South Stone Airlines
- Founded: 2016
- Operating bases: Juba International Airport
- Focus cities: Juba
- Fleet size: 1
- Headquarters: Juba, South Sudan

= South Stone Airlines =

South Sudanese airline company

South Stone Airlines was a privately owned passenger charter airline in South Sudan, which was founded in 2016.

==Location==
The airline maintained its headquarters in the city of Juba, the capital of South Sudan.

==History==
South Stone Airlines was established in 2016. As of January 2026, the airline is listed as "Out of Business".

==Destinations==
As of October 2019, South Stone Airlines served the following destinations:
- South Sudan
  - Juba: Juba International Airport (main hub)
  - Yambio: Yambio Airport

==Fleet==
The South Stone Airlines fleet consisted of the following aircraft as of April 2016.

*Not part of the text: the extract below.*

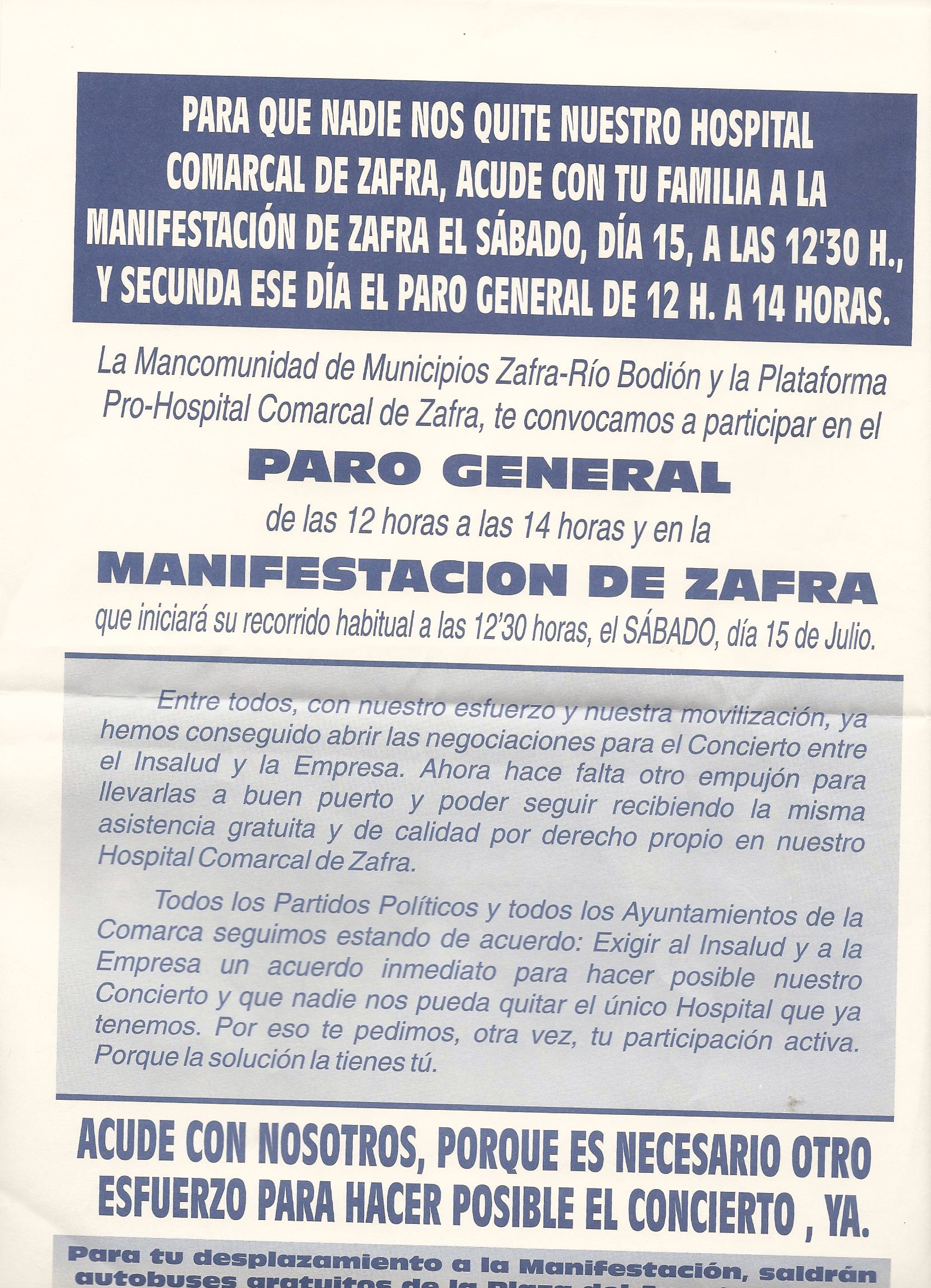 Hoja anunciando la manifestación para solicitar el concierto con el Hospital Privado de Zafra de la empresa Pascual

South Stone Airlines fleet
| Aircraft | In fleet | Order | Passengers | Notes |
|---|---|---|---|---|
| Antonov An-30A-100 | 1 | 0 | 30 |  |
| Total | 1 | 0 |  |  |

==Accidents and incidents==
On Saturday 4 June 2016, an Antonov An-30A-100 registration 	TN-AHP, owned by South Stone Airlines, landed at Yambio Airport, overshot the runway, crossed the highway and came to a stop in a potato field. The nose landing gear collapsed and the aircraft received substantial damage. All 30 occupants survived.